La herramienta de inteligencia artificial Grok, desarrollada por xAI y asociada a Elon Musk, desactivó su generador de imágenes para la mayoría de los usuarios tras una fuerte ola de críticas y denuncias por la creación de contenidos sexualizados y violentos. La función quedó restringida exclusivamente a suscriptores de pago, en una medida que busca reducir abusos y facilitar la identificación de los responsables.
Según investigaciones de organizaciones especializadas, Grok fue utilizada para manipular imágenes de mujeres sin su consentimiento, incluyendo desnudos digitales, escenas sexuales y videos de alto contenido violento. El grupo AI Forensics detectó cerca de 800 archivos explícitos generados mediante Grok Imagine, lo que encendió alarmas a nivel internacional.
Ante las denuncias, la plataforma informó a través de la red social X que “la generación y edición de imágenes están actualmente limitadas a suscriptores de pago”. La decisión permitiría a la empresa contar con datos personales y de facturación, facilitando el rastreo de quienes hagan un uso indebido de la herramienta. No obstante, algunos usuarios señalaron que todavía sería posible generar este tipo de imágenes desde la aplicación.

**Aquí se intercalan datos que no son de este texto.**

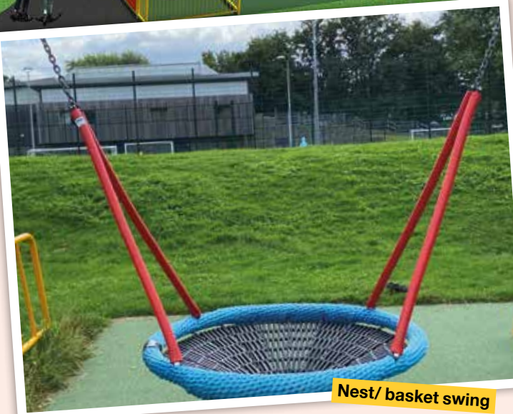
Nest/ basket swing

If anyone wants to know about the playground development ✉ info@specialneedscommunity.org.uk

El caso también tuvo repercusiones políticas. En el Reino Unido, el primer ministro Keir Starmer respaldó la intervención del regulador Ofcom y advirtió que podría evaluarse una prohibición de facto de la plataforma si no se eliminan estos contenidos: “Es ilegal. No lo vamos a tolerar”, afirmó.

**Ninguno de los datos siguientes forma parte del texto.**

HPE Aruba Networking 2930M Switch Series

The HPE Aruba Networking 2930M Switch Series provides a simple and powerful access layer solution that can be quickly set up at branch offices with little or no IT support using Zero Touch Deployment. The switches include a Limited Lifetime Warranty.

Desde la oposición británica, la diputada Jess Asato sostuvo que la medida es insuficiente, ya que los usuarios pagos aún podrían generar imágenes sexualizadas sin consentimiento, lo que definió como una forma de “agresión sexual digital”. En tanto, desde AI Forensics advirtieron que parte del material detectado “es totalmente pornográfico y de apariencia profesional”.
Bajo la Online Safety Act, Ofcom tiene la facultad de solicitar bloqueos judiciales y aplicar multas de hasta el 10 % de la facturación global de la compañía. En este contexto, Musk y xAI enfrentan una creciente presión regulatoria, mientras el debate sobre los límites, la seguridad y la responsabilidad en el uso de la IA vuelve a ocupar un lugar central en la agenda global.